As we can see, after about the fourth question, we start to narrow down a potential opportunity to help solve our hypothesis. The goal is to get to a probable root cause. At this point we can begin to develop a plan as we further diagnose the opportunity. From our example, we see that the Home Recycling/Composting segment is one of the fastest growing segments that also has the highest margins. We may want to focus our energy for our diagnostic on how we can improve this segment.

Diagnose

Merriam-Webster defines diagnosis as “investigation or analysis of the cause or nature of a condition, situation, or problem.” The intent of the diagnostic stage is to finalize the root cause analysis and make a decision on a course of action.
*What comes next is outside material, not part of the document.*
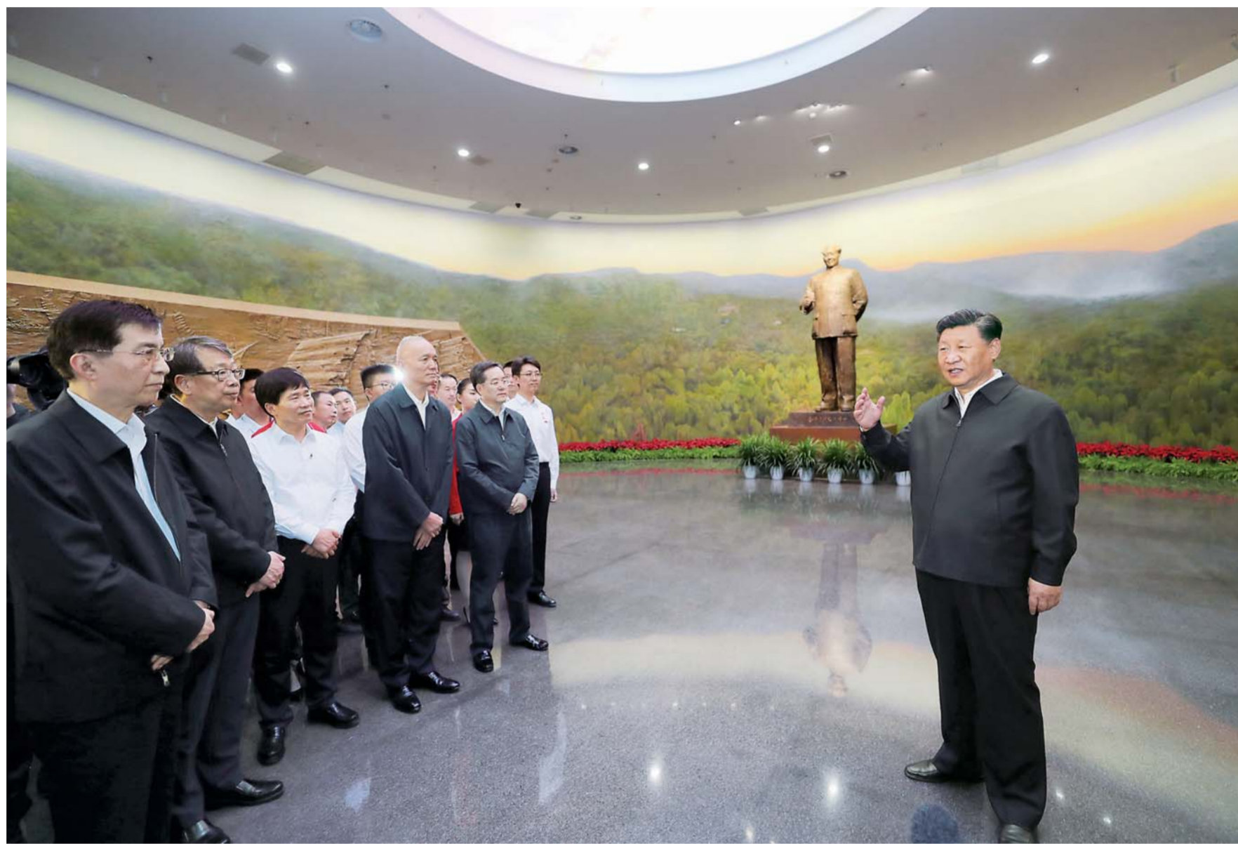
▲9月12日,中共中央总书记、国家主席、中央军委主席习近平视察中共中央北京香山革命纪念地。这是习近平在香山革命纪念馆参观《为新中国奠基》主题展览,并发表重要讲话。

■我们缅怀这段历史,就是要继承和发扬老一辈革命家“宜将剩勇追穷寇,不可沽名学霸王”的革命到底精神,不断增强中国特色社会主义的道路自信、理论自信、制度自信、文化自信,勇于进行具有许多新的历史特点的伟大斗争,坚决战胜前进道路上的各种艰难险阻,使“中国号”这艘巨轮继续破浪前进、扬帆远航

Where the Inform stage is the filtering of information to drive to an issue or opportunity, the Diagnose stage takes the issue or opportunity and adds specificity to it along with a course of action to make a quality decision.

The Diagnose stage is where managers will spend their time analyzing and diagnosing opportunities or issues that translate into actions. They bring the actions to life through detailed analysis of information, usually driven by specific metrics that guide their analysis.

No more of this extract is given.